▶ [Information provided]:
----------------

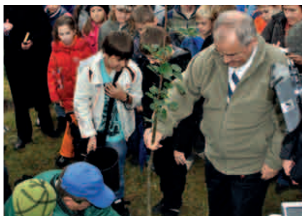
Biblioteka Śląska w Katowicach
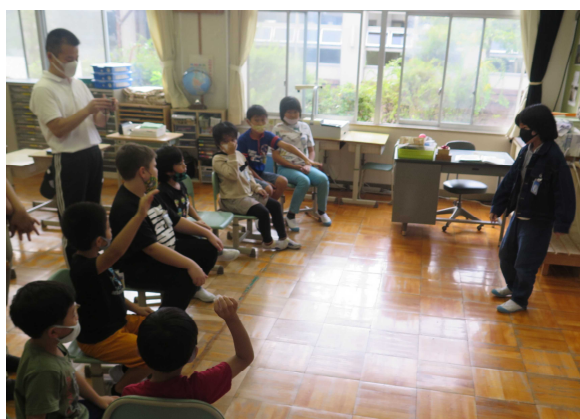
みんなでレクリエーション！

----------------

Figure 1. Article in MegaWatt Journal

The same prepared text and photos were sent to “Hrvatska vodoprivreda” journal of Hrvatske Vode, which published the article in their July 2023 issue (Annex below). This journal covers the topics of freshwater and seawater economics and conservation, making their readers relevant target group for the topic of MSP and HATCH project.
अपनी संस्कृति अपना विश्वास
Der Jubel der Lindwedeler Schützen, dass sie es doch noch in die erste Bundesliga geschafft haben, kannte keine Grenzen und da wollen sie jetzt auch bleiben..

----------------

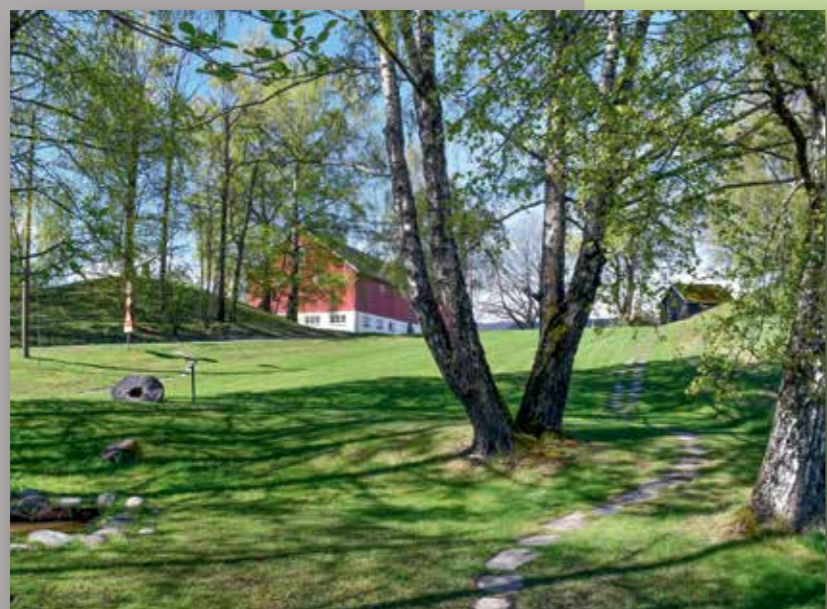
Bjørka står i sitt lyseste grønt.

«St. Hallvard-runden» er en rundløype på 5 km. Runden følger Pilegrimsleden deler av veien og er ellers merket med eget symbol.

----------------

▶ [Assigned task]:
Retype, in the same exact form, the lines of the material above from the line holding "अपनी संस्कृति अपना विश्वास" through the line holding "Der Jubel der".

▶ [Worked solution]:
अपनी संस्कृति अपना विश्वास
Der Jubel der Lindwedeler Schützen, dass sie es doch noch in die erste Bundesliga geschafft haben, kannte keine Grenzen und da wollen sie jetzt auch bleiben..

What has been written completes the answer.